転校生②

「大丈夫か?」


 アキラは横から聞こえた声にはっと顔を上げ、改めて助けてくれた男子学生に向き合った。


「助けてくれてどうもありがとう。あなたは」


「俺は二年の西條さいじょうトーマ。さっき転校生って呼ばれてたけどそうなのか?」


「うん、私は本野もとのアキラ」


「災難だったな」とため息交じりに人懐っこい笑顔を見せるトーマに、アキラは不思議と体中の力が抜け、かわりに疲れがどっと襲ってきた。


「さっきの奴のこと一応センセーに言っておこうぜ。またねとか言ってたし」


「うん、あの一緒に来てもらってもいいかな。私、一度ここに来たことはあるんだけど、職員室の場所分かるか自信がなくて」


「ああ、もちろん行くよ」


 ――よかった。


 アキラはトーマの優しさに感謝した。今のアキラが一人になったら不安で押しつぶされそうになっていただろう。
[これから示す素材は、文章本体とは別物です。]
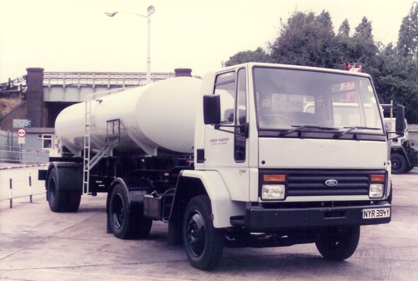 Details: Ford Cargo 1913 articulated unit 2394F (NYR394Y) was one of several service vehicles on display during the open day at Chiswick Works on 5th August 1984. It was coupled to a rather antique looking tanker trailer. |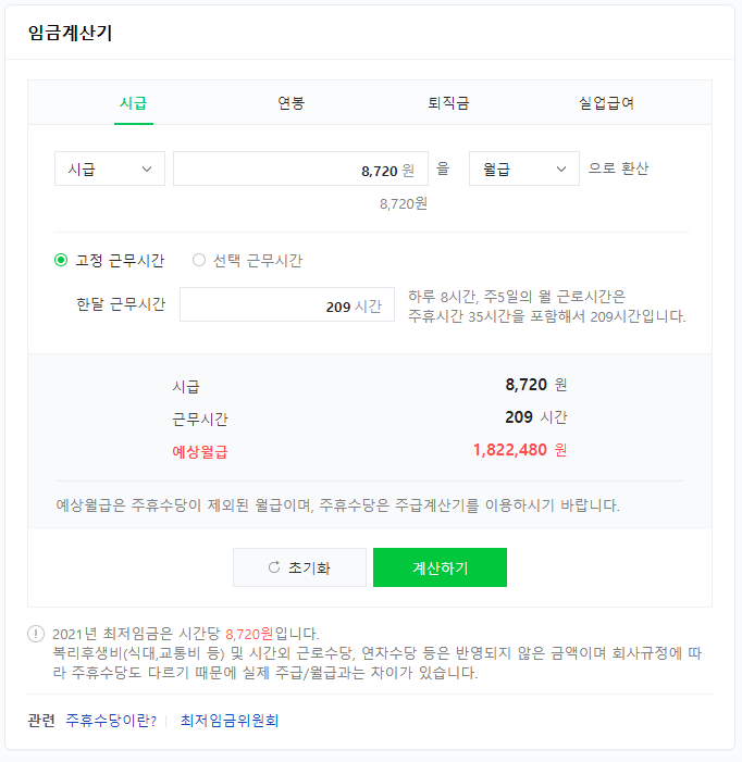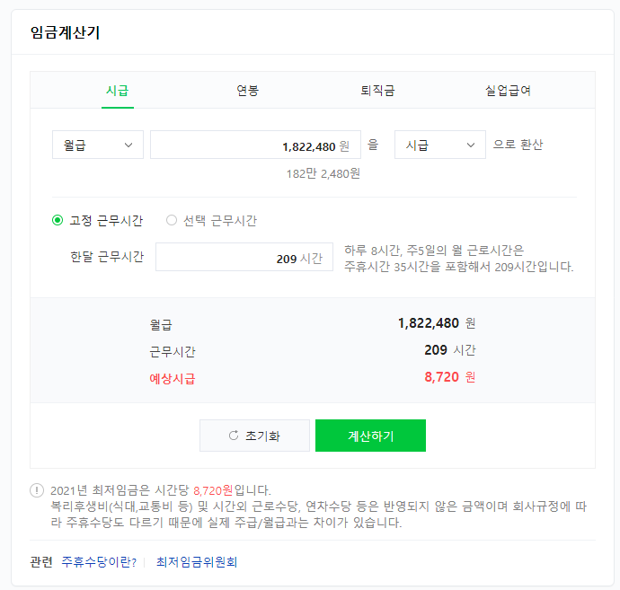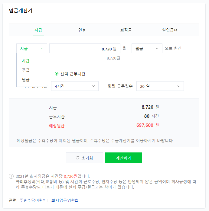 네이버 시급 계산기

 ただでさえ緊張していた転校初日に、校門の前で変な男に絡まれ、更には――


「あの、西條くん」


「トーマでいいよ」


「じゃあトーマくん、先週この学校で事件が起こったって本当なの?」


「ああ」トーマはアキラの問いに神妙な顔つきで答えた。


佐倉さくらセンセー、いい人だったよ。いったい何があったんだろう」


 佐倉先生、トーマの口から出た名前を頭の中で反芻する。


 さくらせんせい、


『かわいい名前ですね』


『ふふ、ありがとう。では来週の月曜日、始業式が9時から始まるからそれまでに職員室に来てね』


『はい』


『ああそれと、理事長先生があなたに話があるみたい。始業式が終わったら理事長室に行くのを忘れないでね』


『え?』


『うちの学校、生徒が理事長室に呼ばれることって滅多に無いんだけどね。



 まあ、転校生って珍しいし、何か特別なお話があるのかもしれないわね』



『なんにせよ、ようこそ桜中央学園へ』



 唐突に思い出される先週のやりとり。その事実に気付いた瞬間、アキラの背中をぞわりと冷たいものが走りぬける。
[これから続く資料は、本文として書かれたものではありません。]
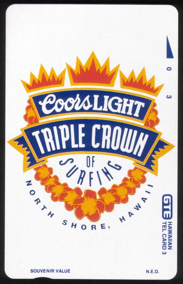 This set of three collectible GTE Hawaiian Telephone Tel Cards celebrates the Coors Light Triple Crown of Surfing, set on the North Shore of Hawaii. The first card features the Coors Light Triple Crown of Surfing logo prominently in the center, with stylized text framed by a crown and a ring of hibiscus flowers. The text below the circular logo reads “North Shore, Hawaii.” The card background is white, with the GTE Hawaiian Tel Card 3 logo shown vertically along the right edge in blue. The bottom left corner states “Souvenir Value” with the initials “N.E.D.” in the bottom right.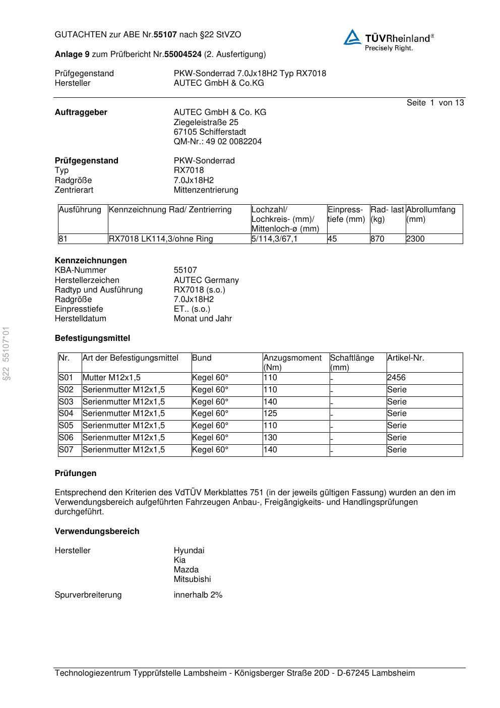 Dieses Gutachten (abe) bezieht sich auf die Alufelge Autec RX7018 in der Ausführung 7Jx18 ET 0, Mittenloch 0 mm (KBA 55107). Im PDF findest du typischerweise zulässige Reifengrößen, Auflagen/Anbauhinweise und – je nach Dokument – Hinweise zur Eintragung.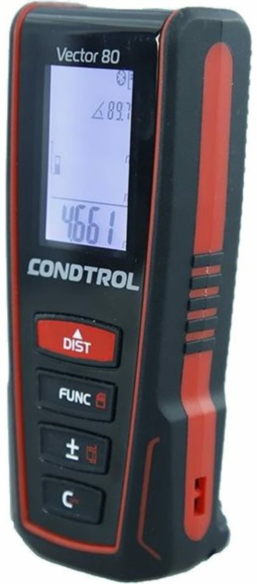 | Прочие особенности | Функция Point-to-Point. Лазерная рулетка CONDTROL Vector 80 может измерять расстояние между двумя произвольными точками в пространстве, благодаря встроенному 3D- акселерометру. Таким образом, вы сможете всего по двум замерам определить длину отрезка, проходящего сквозь здания или препятствия (стена, деревья, забор).,Передача данных по Bluetooth. Встроенный модуль Bluetooth позволяет работать с приложением CONDTROL Smart Measure, которое можно загрузить из Google Play или App Store. С приложением CONDTROL Smart Measure вы сможете:,– хранить в памяти смартфона неограниченное число измерений;,– фотографировать объекты, помещения, декор, мебель и наносить размеры на них, делать ремарки, комментарии, что по достоинству оценят архитекторы, дизайнеры, декораторы;,– рисовать планы помещений с размерной сеткой;,– сохранять и экспортировать полученные файлы, что значительно упрощает работу строителей, дизайнеров, изготовителей мебели и т.д.,Площадь стен (функция маляра). Рассчитать расход материалов для ремонта (обои, шпаклевка) с дальномером CONDTROL Vector 80 не составит труда. С функцией маляра вы быстро определите площадь стен помещения, достаточно один раз измерить высоту потолков и длину всех стен. Дальномер сам складывает полученные площади и показывает их нарастающим итогом.,Горизонтальное и вертикальное проложение по одному замеру. Встроенный датчик наклона позволяет вычислить горизонтальное и вертикальное проложение от места установки дальномера до объекта, например, когда нужно определить высоту здания и расстояние до него при наличии преграды (заграждение, дерево, ров).,Пылевлагозащита IP 54. Благодаря герметичному корпусу, лазерная рулетка надежно защищена от брызг воды и пыли. Большие силиконовые кнопки не потрескаются на морозе, их удобно нажимать даже в перчатках. Это позволяет использовать CONDTROL Vector 80 в условиях стройплощадки.,Крепление на штатив и откидная пятка. Для комфортной работы замер расстояния может производиться с передней, задней кромки корпуса, со штатива или с откидной пятки. Откидная пятка дает возможность производить замеры с узких мест, углов или с края поверхности (стол, подоконник).,Встроенный Li-ion аккумулятор. Отсутствие батарейного отсека повышает жесткость корпуса и степень пылевлагозащиты. Ресурс аккумулятора приятно удивит пользователя. Одного часа зарядки хватит на несколько сотен измерений. Зарядить дальномер можно через кабель microUSB. |

 先週亡くなったのは、アキラが転入手続の時に会った教師だった。


 ――私が先生に会ったのは、もしかしたら事件が起こる直前だったのかもしれない。


 目の前がぐらぐらと揺れる。知らないところで起こっていた恐ろしい事件が、被害者に会ったことがあるというだけでとてつもなく身近に感じたのだ。
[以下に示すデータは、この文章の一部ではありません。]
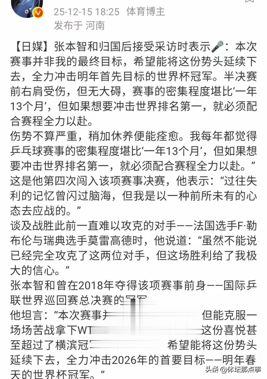 除了看淡伤病,张本智和更直言要“找回场子”,弥补全年遗憾。他坦言今年前半赛季表现拉胯,新加坡大满贯、多哈世乒赛等关键赛事屡屡掉链,要么首轮出局要么提前败北,直到年末才发力冲刺,虽最终拿下4个冠军,却仍对全年表现不满。对于此前在中国赛场的失利,他也不回避,称客场氛围和特殊器材都不是输球的理由,实力差距才是核心,接下来要针对性补强,把之前丢的荣誉一点点赢回来。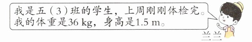 我是五(3)班的学生,上周刚刚体检完。我的体重是 36 kg,身高是 1.5 m。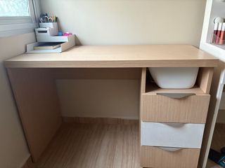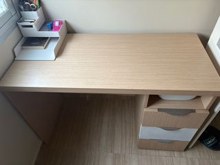 Escritorio funcional con un diseño moderno. - No hago envío - Estructura principal en madera clara. - Cajones en blanco y madera. - Compartimento abierto superior.

「ほら、行こうぜ。職員室はこの校門くぐってすぐの旧館にあるから近いんだ」


「あ、うん……」


 トーマに促されて重厚な造りの校門に向かう。踏み出した一歩が校門を超えたその瞬間、ズシンと頭が重くなり、目の奥に痺れるような痛みが走った。


 ――色々ショックなことがありすぎて頭まで痛くなってきた。


 二歩、三歩――。アキラの足が止まる。


 足を踏み出すごとに体がどんどん重くなっていった。アキラは両手を膝につく格好で、体に圧し掛かる重みに耐えるが、次第にバランスが取れなくなっていく。


『この事件は分からないことが多すぎて』


 次第に頭痛は酷くなり、視界が霞み、地面に転がる石の輪郭が二重になる。

 

 不安と混乱のしすぎで体がおかしくなってしまったのだろうか。


「おい、どうした?」


 その普通でない様子に気付いたトーマは、アキラの肩を何度か軽く叩きながら声をかける。しかしアキラはその呼びかけに答えることもできずに、沈みそうになる体と意識をなんとか保つので精一杯だった。


 ――からだが、おかしい。


 このままでは地面に倒れこんでしまう。そうなる前にトーマに返事をしようと伏せていた顔を上げた時。


「え……?」


 アキラの目に可笑しなものが映った。


 校門をくぐった先にある校舎に重なるように、別の建物が在るのだ。まるでCGで映像を重ねているかのように、別々の建物が同じ場所に映し出されている。


 アキラが先ほどまで坂の途中から見ていたものと全く違う光景が目の前に広がっていた。


 ――これは何?


 そして、校舎に重なるように現れた、平屋の古い造りの建物は今まさに巨大な炎に包まれていた。


 轟々と音を立てながら炎はどんどん大きくなる。



「燃えてる……」


「っおい! 本当に大丈夫か」


 アキラの体が大きく傾く瞬間にトーマが両肩を支え、自分に寄りかからせる形で座らせた。



「しっかりしろ、おい! 『――熱い、誰か水を――熱い』



 トーマの声が聞こえるが、果たしてこれは本当にトーマの声なのだろうか。




『た す け て ――!!』




 炎に包まれる建物の中から、空間に反響しノイズのようになった叫び声が聞こえた時、アキラの意識は唐突に途絶えた。